USCDataScience / sparkler

Spark-Crawler: Apache Nutch-like crawler that runs on Apache Spark.
http://irds.usc.edu/sparkler/
Apache License 2.0
412 stars 143 forks source link

[Docker] Update run script with relative paths and docker-compose file #223

Closed nhandyal closed 3 years ago

nhandyal commented 3 years ago

What changes were proposed in this pull request?

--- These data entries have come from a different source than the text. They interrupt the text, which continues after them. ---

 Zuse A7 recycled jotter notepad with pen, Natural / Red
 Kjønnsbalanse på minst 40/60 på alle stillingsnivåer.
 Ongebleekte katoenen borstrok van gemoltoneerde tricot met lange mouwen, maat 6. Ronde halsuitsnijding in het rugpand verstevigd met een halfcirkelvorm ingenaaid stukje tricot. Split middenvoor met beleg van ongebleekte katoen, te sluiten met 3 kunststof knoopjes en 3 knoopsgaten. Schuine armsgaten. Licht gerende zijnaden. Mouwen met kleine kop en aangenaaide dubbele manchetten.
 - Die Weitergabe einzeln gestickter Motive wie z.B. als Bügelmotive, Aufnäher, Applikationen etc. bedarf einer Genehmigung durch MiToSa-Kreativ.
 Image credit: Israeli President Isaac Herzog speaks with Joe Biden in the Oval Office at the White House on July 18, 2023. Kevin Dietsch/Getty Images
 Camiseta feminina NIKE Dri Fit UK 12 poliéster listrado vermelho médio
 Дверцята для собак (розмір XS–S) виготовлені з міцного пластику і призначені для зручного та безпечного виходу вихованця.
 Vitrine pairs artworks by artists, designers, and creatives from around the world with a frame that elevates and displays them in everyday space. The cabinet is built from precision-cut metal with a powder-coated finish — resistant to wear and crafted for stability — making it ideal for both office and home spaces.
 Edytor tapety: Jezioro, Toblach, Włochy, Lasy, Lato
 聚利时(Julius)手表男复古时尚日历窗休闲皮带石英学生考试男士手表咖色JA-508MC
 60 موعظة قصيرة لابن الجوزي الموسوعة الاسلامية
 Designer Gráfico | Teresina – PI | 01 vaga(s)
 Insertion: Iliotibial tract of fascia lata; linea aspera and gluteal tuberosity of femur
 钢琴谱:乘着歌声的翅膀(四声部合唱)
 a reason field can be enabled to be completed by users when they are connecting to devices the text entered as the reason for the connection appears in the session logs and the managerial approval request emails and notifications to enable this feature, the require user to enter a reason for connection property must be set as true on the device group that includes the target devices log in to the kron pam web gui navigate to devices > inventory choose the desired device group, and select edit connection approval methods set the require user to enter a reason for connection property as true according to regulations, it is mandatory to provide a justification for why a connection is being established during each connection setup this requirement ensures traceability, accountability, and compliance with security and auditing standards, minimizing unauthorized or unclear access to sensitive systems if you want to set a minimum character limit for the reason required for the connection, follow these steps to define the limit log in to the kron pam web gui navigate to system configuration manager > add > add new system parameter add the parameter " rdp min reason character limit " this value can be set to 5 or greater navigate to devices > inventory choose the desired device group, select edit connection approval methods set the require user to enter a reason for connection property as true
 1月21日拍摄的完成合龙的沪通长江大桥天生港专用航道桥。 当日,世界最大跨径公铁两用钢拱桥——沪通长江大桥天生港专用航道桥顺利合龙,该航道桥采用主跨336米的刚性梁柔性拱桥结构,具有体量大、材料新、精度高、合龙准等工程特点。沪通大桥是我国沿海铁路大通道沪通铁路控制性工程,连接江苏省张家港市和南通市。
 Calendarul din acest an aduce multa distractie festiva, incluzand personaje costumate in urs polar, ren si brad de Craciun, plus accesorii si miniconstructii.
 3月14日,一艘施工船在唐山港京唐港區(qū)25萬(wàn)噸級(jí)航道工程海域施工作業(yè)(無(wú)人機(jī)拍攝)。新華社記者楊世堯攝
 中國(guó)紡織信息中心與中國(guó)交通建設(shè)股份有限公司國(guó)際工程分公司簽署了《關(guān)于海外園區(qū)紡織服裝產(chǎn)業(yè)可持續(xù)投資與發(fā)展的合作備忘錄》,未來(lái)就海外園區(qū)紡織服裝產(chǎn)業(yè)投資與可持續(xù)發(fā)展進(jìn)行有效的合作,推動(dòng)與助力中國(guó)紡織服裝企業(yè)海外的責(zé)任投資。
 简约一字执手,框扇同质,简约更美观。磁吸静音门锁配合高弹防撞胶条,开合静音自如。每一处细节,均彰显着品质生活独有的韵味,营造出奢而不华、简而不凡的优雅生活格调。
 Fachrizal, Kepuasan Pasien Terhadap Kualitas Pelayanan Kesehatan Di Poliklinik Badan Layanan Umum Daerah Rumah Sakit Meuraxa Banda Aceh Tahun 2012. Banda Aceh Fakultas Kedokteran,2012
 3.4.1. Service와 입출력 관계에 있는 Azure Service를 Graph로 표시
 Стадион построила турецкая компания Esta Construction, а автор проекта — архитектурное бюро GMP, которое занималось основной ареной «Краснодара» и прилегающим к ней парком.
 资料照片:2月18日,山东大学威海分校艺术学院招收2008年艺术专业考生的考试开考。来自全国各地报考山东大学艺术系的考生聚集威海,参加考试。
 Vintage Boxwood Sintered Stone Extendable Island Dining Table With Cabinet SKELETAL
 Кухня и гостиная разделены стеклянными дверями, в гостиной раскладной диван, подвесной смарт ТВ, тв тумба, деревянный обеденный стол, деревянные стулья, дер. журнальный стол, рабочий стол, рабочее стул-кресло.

  1. Update sparkler.sh to use relative paths and absolute paths to resolve sparkler jar directory
  2. Update elasticsearch docker-compose.yml to specify bind volume using relative paths

'Closes #219 '.

How was this patch tested?

For changes to sparkler.sh

  1. ran sparkler-core/sparkler-deployment/docker/elasticsearch/dockler.py --up. Logged into sparkler-elastic container. Ran sparkler to verify sparkler can be started when symlinked to /usr/bin. @buggtb to confirm if this fix resolves issue where sparkler.sh and jar are moved to different locations on disk

For changes to docker-compose.yml

  1. ran docker inspect sparkler-elastic. Verified the bind volume path corresponded to the sparkler-core directory
    docker inspect sparkler-elastic
    "Mounts": [
    {
        "Type": "bind",
        "Source": "/Users/handyal/source/sparkler/sparkler-core",
        "Destination": "/data/sparkler-core",
        "Mode": "",
        "RW": true,
        "Propagation": "rprivate"
    }
    ],
lewismc commented 3 years ago

@buggtb can you please check. Gracias :)

lewismc commented 3 years ago

@buggtb please check. I'll merge by CoB today unless there are objections.

buggtb commented 3 years ago

Don't worry about this one, it didn't resolve the issue and we have a fix on the mvn2sbt branch that should sort it all out once we've got that branch ready for merging.